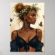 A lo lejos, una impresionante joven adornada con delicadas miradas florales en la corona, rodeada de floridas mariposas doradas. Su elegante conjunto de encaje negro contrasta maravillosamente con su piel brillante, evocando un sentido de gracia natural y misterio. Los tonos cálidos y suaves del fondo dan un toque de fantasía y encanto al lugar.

...

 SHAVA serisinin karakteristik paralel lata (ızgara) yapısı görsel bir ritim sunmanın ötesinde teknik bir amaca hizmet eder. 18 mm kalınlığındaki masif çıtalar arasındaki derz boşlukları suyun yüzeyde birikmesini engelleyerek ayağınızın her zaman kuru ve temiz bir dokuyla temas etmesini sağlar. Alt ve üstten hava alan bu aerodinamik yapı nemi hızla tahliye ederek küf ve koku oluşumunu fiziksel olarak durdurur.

...

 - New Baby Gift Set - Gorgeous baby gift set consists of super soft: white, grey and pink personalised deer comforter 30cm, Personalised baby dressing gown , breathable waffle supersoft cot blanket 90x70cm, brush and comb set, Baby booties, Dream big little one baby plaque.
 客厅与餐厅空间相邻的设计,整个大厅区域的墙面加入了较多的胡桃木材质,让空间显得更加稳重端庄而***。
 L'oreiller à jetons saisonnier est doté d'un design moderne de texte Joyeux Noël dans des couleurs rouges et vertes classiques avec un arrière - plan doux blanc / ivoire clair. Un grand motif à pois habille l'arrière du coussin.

__YOUR INSTRUCTIONS__: Set down precisely the lines above between the line holding "- New Baby Gift" and the line holding "L'oreiller à jetons", inclusive, and nothing beyond them.

__TASK ANSWER__:
 - New Baby Gift Set - Gorgeous baby gift set consists of super soft: white, grey and pink personalised deer comforter 30cm, Personalised baby dressing gown , breathable waffle supersoft cot blanket 90x70cm, brush and comb set, Baby booties, Dream big little one baby plaque.
 客厅与餐厅空间相邻的设计,整个大厅区域的墙面加入了较多的胡桃木材质,让空间显得更加稳重端庄而***。
 L'oreiller à jetons saisonnier est doté d'un design moderne de texte Joyeux Noël dans des couleurs rouges et vertes classiques avec un arrière - plan doux blanc / ivoire clair. Un grand motif à pois habille l'arrière du coussin.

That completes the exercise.